On ‘Yoof’ in Theatres

A particularly relevant post today, as it coincides with the launch of Harry Potter and the Cursed Child; which must have come to your attention,  unless you’ve been living under rock without contact with the Guardian/The Stage/any form of mainstream media/humanity.

It’s been heralded as the play to attract a younger audience into our theatres – the majority of ticket holders to Cursed Child are, I believe, under 35 – and I bloody well hope so. Or, as the brilliant lady I was sat next to today put it, ‘we’ll (i.e. all the oldies) will die and what then?’

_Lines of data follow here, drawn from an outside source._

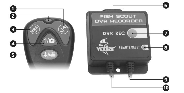 1. Playback/Right: Press to playbackvideos/photos or move right when selecting menu items.
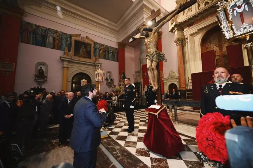 López Miras mostró su reverencia ante el crucificado, atribuido a Francisco Salzillo, horas antes de la popular procesión de la Cofradía del Santísimo Cristo del Perdón, que recorre cada año el centro de Murcia durante la tarde y noche del Lunes Santo.
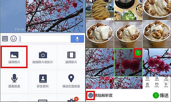 step3. 點選照片右上角小圈圈,左下角出現「原始解析度」記得打勾→傳送
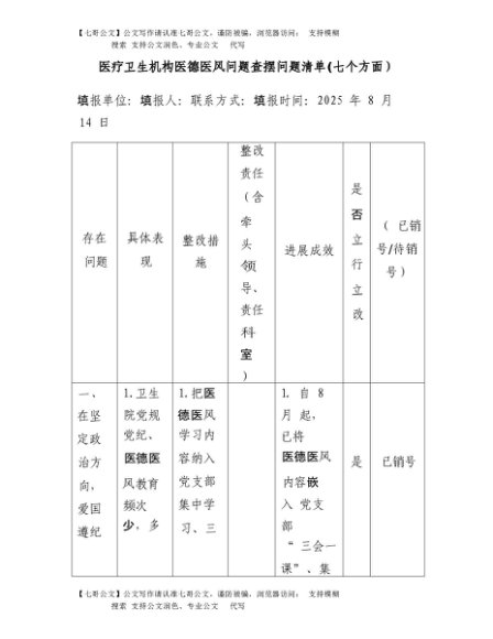 【七哥公文】2025年:医疗卫生机构医德医风问题查摆问题清单(七个方面)(表格)+更多免费公文+VX:QiGeGongWen2024
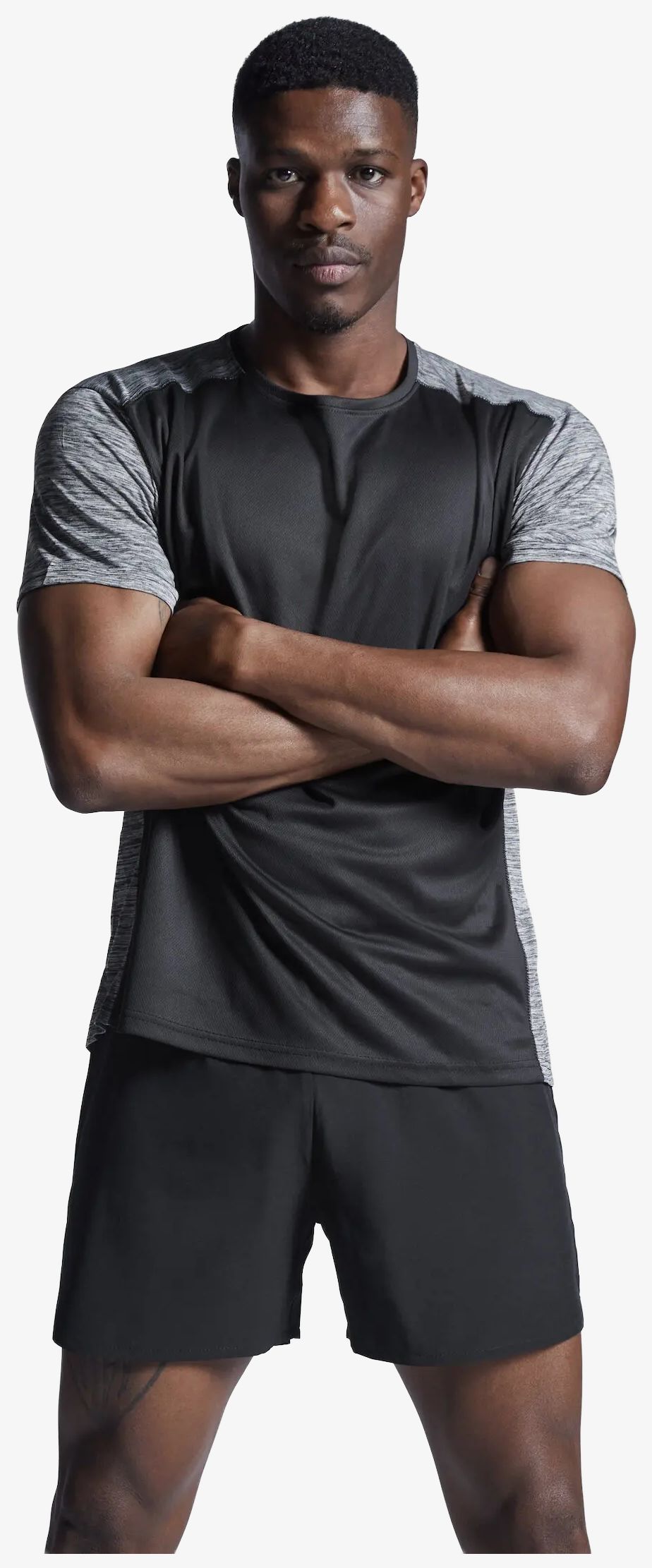 Le tee-shirt technique Zolder manches courtes dispose d'un col rond et d'un combiné dos, épaules et manches avec deux tissus polyester. Le tissu principal en face avant est en bird's eye, tandis que la face arrière utilise un tissu space dye. Le dos est légèrement plus long que le devant, assurant une meilleure couverture. Sa conception favorise la respirabilité et un séchage rapide.
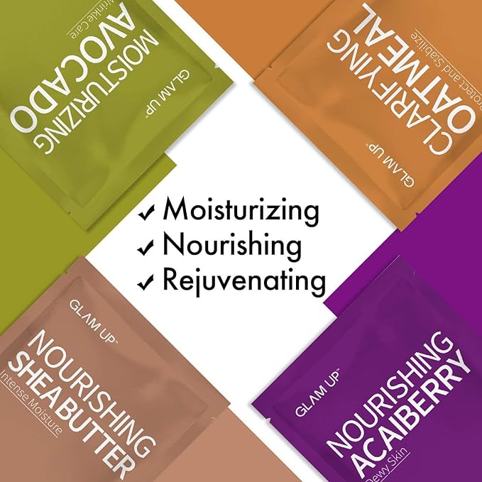 GLAM UP Premium Facial Sheet Mask 12 Combo (Pack of 12) | Clean Face Masks Skincare, Hydrating Face Masks, Moisturizing, Soothing, Beauty Mask For All Skin Type Variety Beauty Mask Set
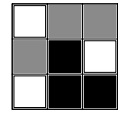 1-. En David ha pintat els nou quadrats de la figura amb els colors negre, blanc i gris. Quants quadrats, com a mínim, ha de repintar d’un altre color per a aconseguir que cap dels quadrats que tenen un costat com´u no tinguin el mateix color?
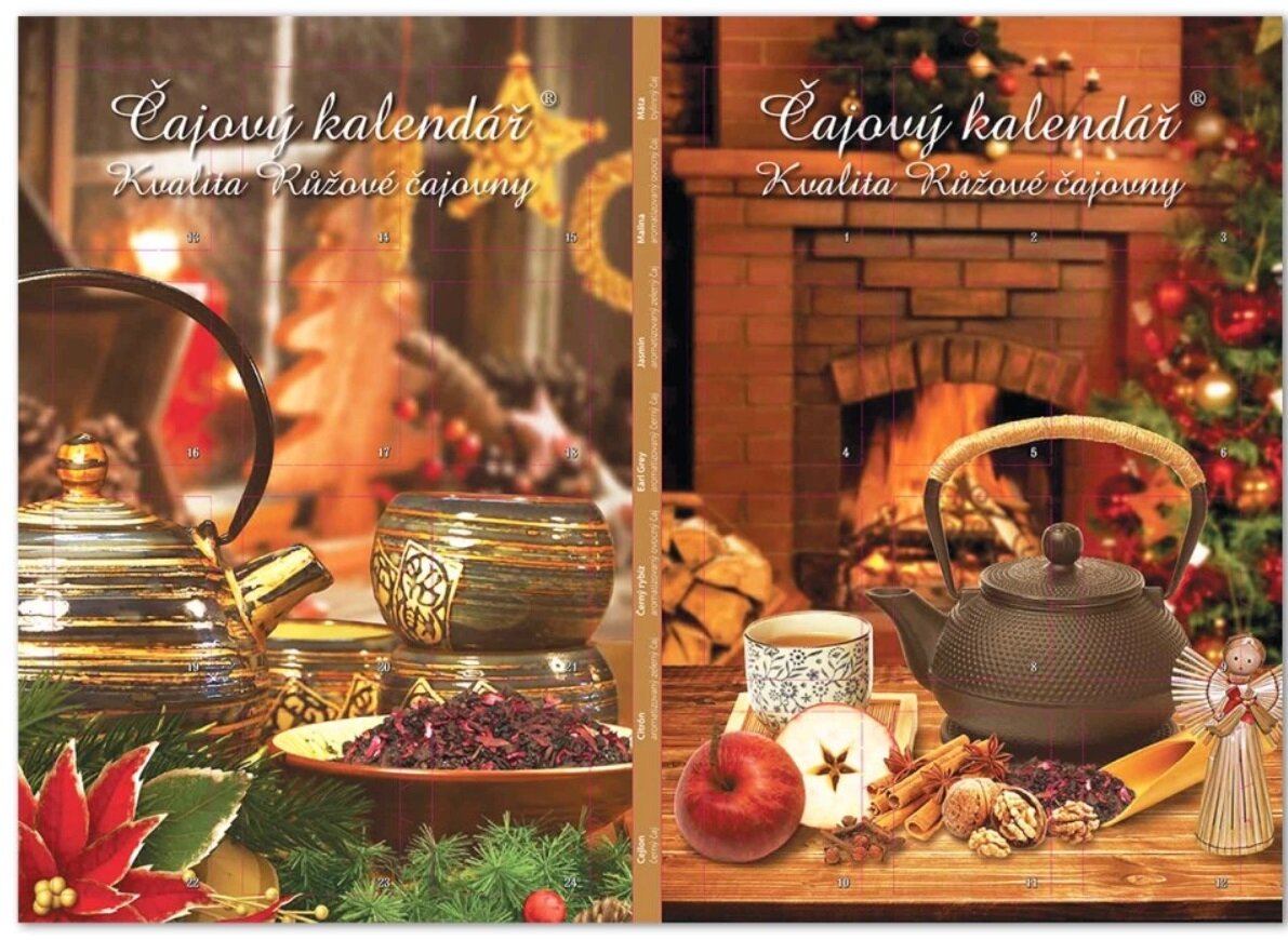 Originální čajová kolekce z naší vlastní produkce ve formě oboustranného adventního kalendáře, která obsahuje 24 ks porcovaných čajů – zkušenými čajovníky z Růžové čajovny vybraný mix nejoblíbenějších ovocných, zelených, černých, bylinných a oolong čajů. Čaje jsou umístěny v jednotlivých okénkách po obou stranách kalendáře tak, aby na každý den adventu připadl jeden lahodný nápoj.
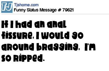 X If I had an anal fissure, I would go around bragging, “I'm so ripped.”
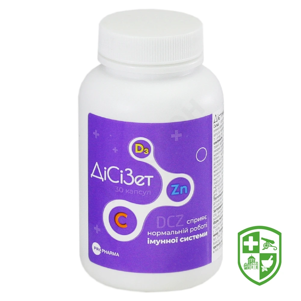 Дієтична добавка «ДіСіЗет»/капсули/аскорбінова кислота (вітамін С) — 1000 мг (mg), цинку оксид — 19 мг (mg), (що еквівалентно 15 мг (mg) елементарного цинку), вітамін D3 (холекальциферол) -1000 MO (IU) [25 мкг (pg)] / 30.
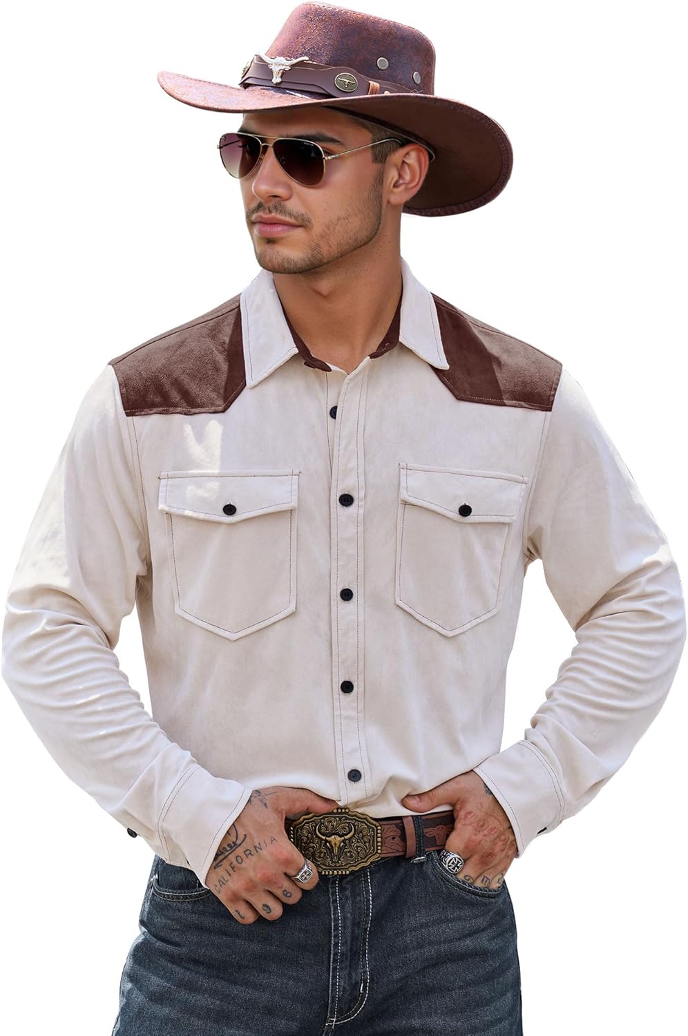 Men's Western Shirt Cowboy Soft Faux Suede Casual Button Down Shirt with Flap Pockets (S-2XL)
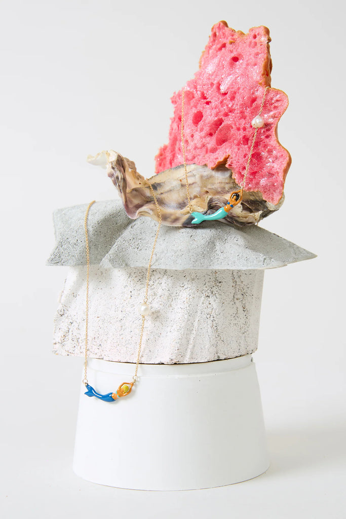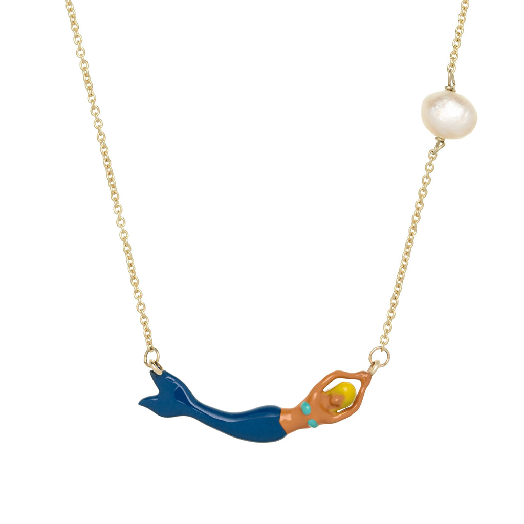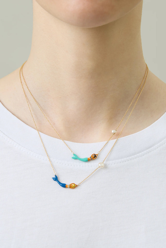 遊び心にあふれ、輝きに満ち、どこか魔法のような魅力を持つマーメイド。鮮やかなブルーのエナメルの尾と金色の髪を持つ彼女は、自由と冒険の象徴です。天然パールが、まるで波間から集めた秘密のように、貴重な輝きを添えます。目を閉じていても、まるで旅をしているような気分になれる、そんなジュエリーを身につけてみませんか。
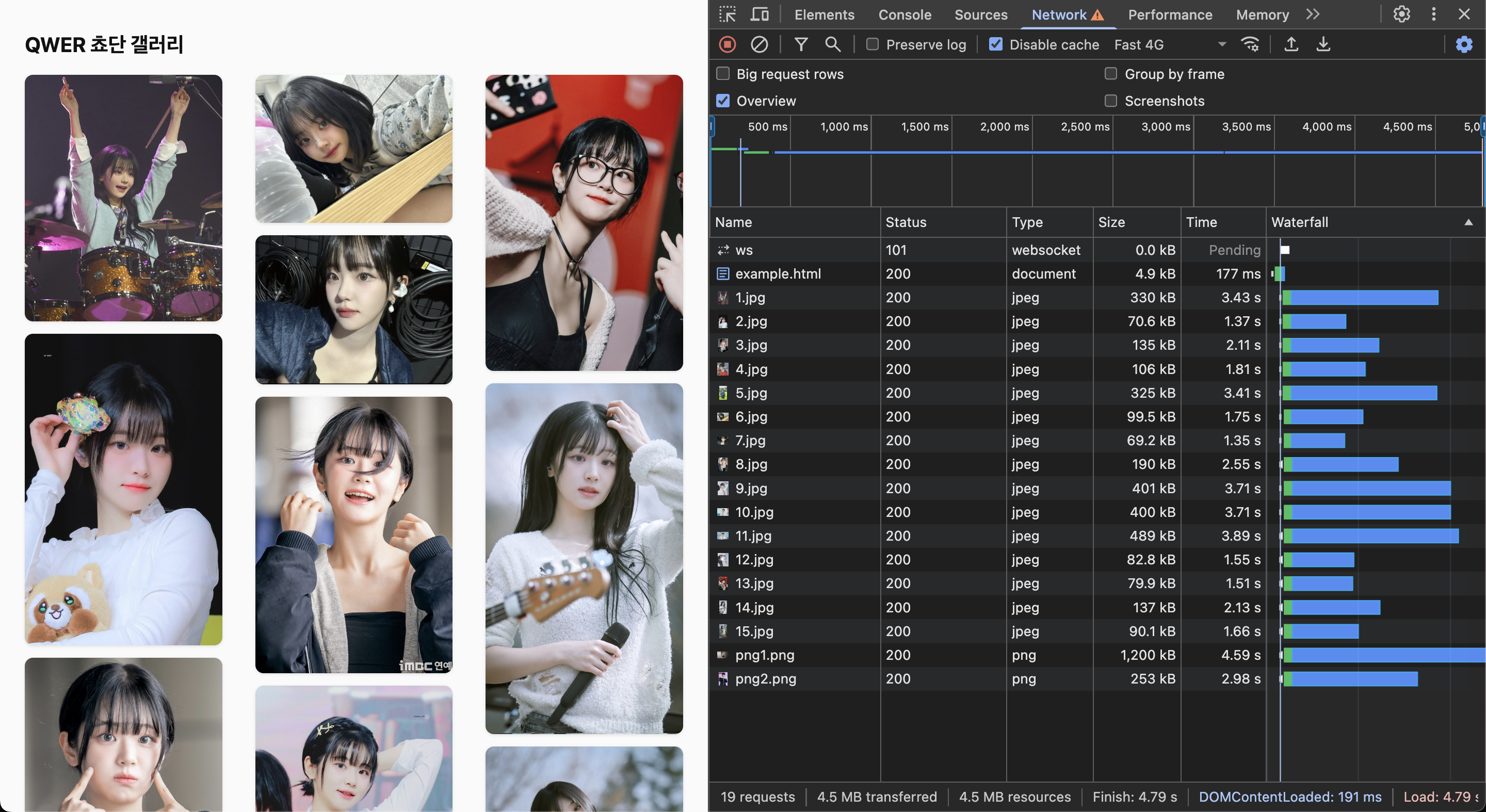 이제 맨 처음 문제가 됐었던 QWER 쵸단 갤러리에서 테스트해보자. 아까는 4G 쓰로틀링 환경에서 4.8초, 리소스 사이즈는 약 4.5MB에 LightHouse에선 LCP 수치에서 랜더링까지 약 4초가 걸렸었다.
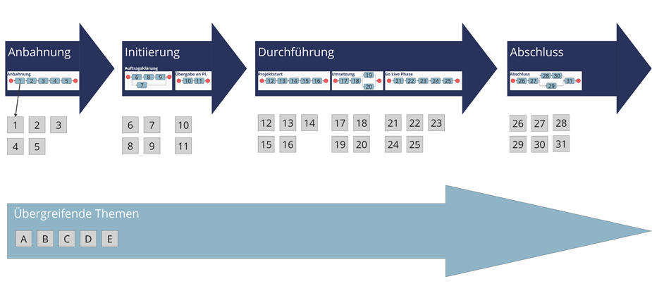 - Die wechselnden Aufgaben und Verantwortlichkeiten in einer Projektphase – z.B. zwischen Vertriebsmitarbeitenden, Projektsponsor und Projektleitung bei der Projektinitiierung – waren schwierig darstellbar.
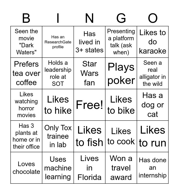 This bingo card has a free space and 95 words: Works with zebrafish, Works with rats or mice, Won a travel award, Wears glasses, Wearing fun socks!, Watches sports, Watched a Tox documentary this year, Uses machine learning, unusual route to grad school, Traveled this summer, Took a gap year, Studies persistent organic pollutants, Studies heavy metals, Star Wars fan, SOT newbie, Seen the movie "Dark Waters", Seen a real alligator in the wild, Same undergraduate major, Same school for undergrad and grad, Same favorite color, Same birth month, Read "Silent Spring", Published a paper in Toxicological Sciences, Presenting a poster, Presenting a platform talk (ask when), Prefers tea over coffee, Plays video games, Plays poker, Plays chess, Participated in a CE course, Only Tox trainee in lab, Mentors an undergrad student, Loves roller caosters, Loves genetics, Loves chocolate, Loves chemistry, Lives in Florida, Listens to podcasts (ask their favorite!), Likes watching horror movies, Likes to volunteer, Likes to run, Likes to hike, Likes to fish, Likes to do karaoke, Likes to cook, Likes to bike, Likes to bake, Likes pineapple on pizza, Likes board games, Knows martial arts, Knows a fun tox fact, Knows a coding language (R, python, etc.), Knows 2+ languages, Is left-handed, Is a TA, Is a swimmer, Is a postdoctoral fellow, Is a part of another Toxicology society, Is a night owl, Is a morning person, Holds a leadership role at SOT, Has visited Disneyland/ DisneyWorld, Has seen a movie in theaters this year, Has run a half or full marathon, Has ridden a motorcycle, Has read 5+ books this year, Has played Pokemon or Pokemon Go, Has met a celebrity, Has lived in 3+ states, Has experienced a major lab disaster, Has dyed their hair, Has done cell culture experiments, Has done an internship, Has broken a bone, Has binged a TV series, Has been skydiving, Has been in a band or orchestra, Has beaten an escape room, Has attended a conference abroad/internationally, Has an ResearchGate profile, Has an interesting hobby (ask them about it!), Has a tattoo, Has a reptile, Has a Master’s degree, Has a dog or cat, Has 3 plants at home or in their office, Grew up in the same state as you, Grew up in a different state/country than you, Drinks 2+ coffee/day, Does bioinformatic analysis, Completed lab rotations, Can sing the periodic table, Can play an instrument, Attended their last regional chapter meeting and Attended last year's AM in SLC.
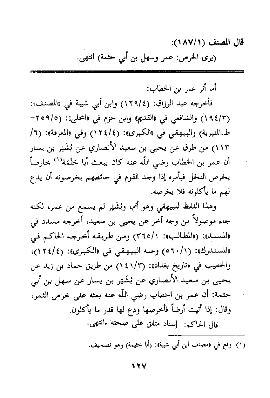 فأخرجه عبد الرزاق: (4/129) وابن أبي شيبة في "المصنف": (3/194) والشافعي في "القديم" وابن حزم في "المحلى": (5/259-ط. المنيرية) والبيهقي في "الكبرى": (4/124) وفي "المعرفة": (6/113) من طرق عن يحيى بن سعيد الأنصاري عن بُشَيْر بن يسار أن عمر بن الخطاب رضي الله عنه كان يبعث أبا حَثْمَة خارصاً يخرص النخل فيأمره إذا وجد القوم في حائطهم يخرصونه أن يدع لهم ما يأكلونه فلا يخرصه.
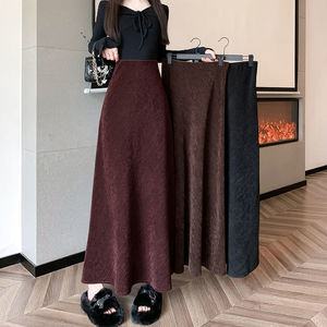 2025鱼尾裙绒面秋冬新款高腰中长款遮垮显瘦a字包臀半身裙
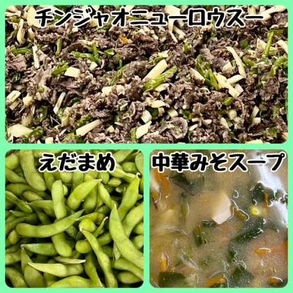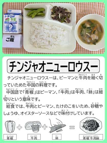 ?今日の献立は、チンジャオニューロウスー・中華みそスープ・えだまめ・ごはん・牛乳でした。
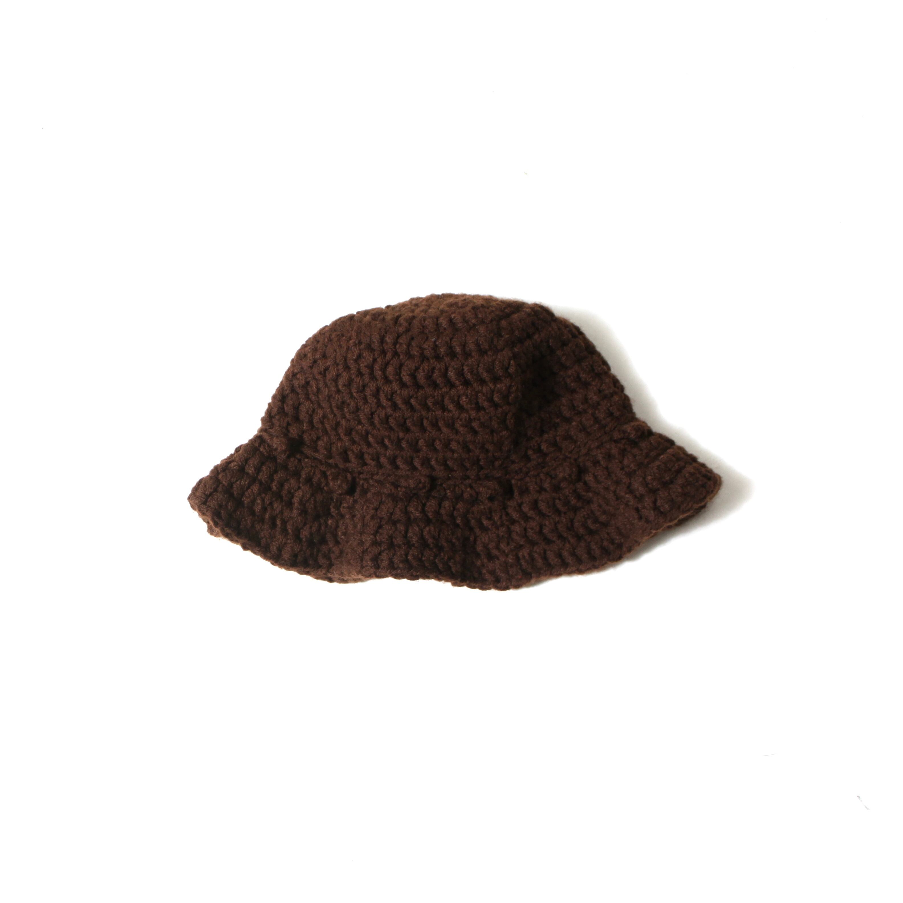 0877. knit hat ブラウン ハンドニット バケットハット 帽子 古着
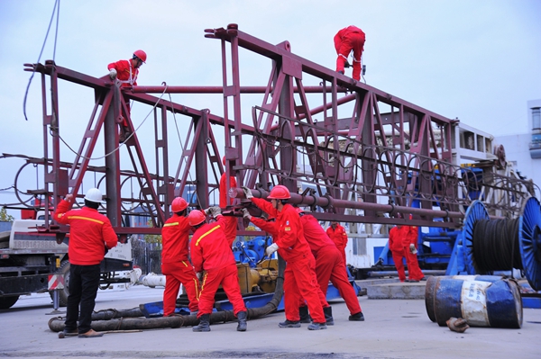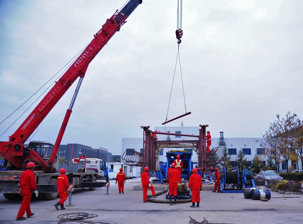 石油鉆機(jī)從運(yùn)輸?shù)桨惭b完成共歷時(shí)8天。長(zhǎng)慶鉆井總公司有關(guān)負(fù)責(zé)人、工程師、技術(shù)員在現(xiàn)場(chǎng)指導(dǎo),40656鉆井隊(duì)的工人們克服了降雪天氣等方面困難精心施工,保證了鉆機(jī)安裝工作的順利完成。
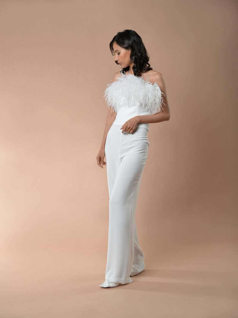 So auch die Hose - Sie hat den klassischen Smokingstreifen aus Satin an der Seitennaht. Die Hose ist aus blickdichtem Crêpe gearbeitet. Super elastisch mit hohem Tragecomfort.

I had a great view of the stalls today – but what else does one expect for six quid – and there were more grey and white heads than in a barrister’s wig shop. And to be surrounded by that lot was, quite frankly, terrifying. I remember the first play that I saw on my lonesome was more inappropriate and had more euphemisms than expected, so I spent most of my time curled up cringing and fervently hoping that I wouldn’t meet anyone I knew.

I’m past that now, of course. Today I made conversation! I didn’t fall over! I am functioning as a human being! I do love talking to all these different people, but still, it would be a change to not be hit with a sea of brilliant white as soon as I step out of the theatre.

So let’s hope that this new Harry Potter installation will breathe life not just into the theatre industry overall, but also script printers (even Waterstones didn’t have Sarah Kane’s complete plays today, FOR CRYING OUT LOUD) and my social life. Seriously, the only times I leave the house are when I go to the theatre, and although myself and the railway guy who sells me tickets have now struck up a patter, it would be nice to have a conversation with someone under the age of 20. Or even 60.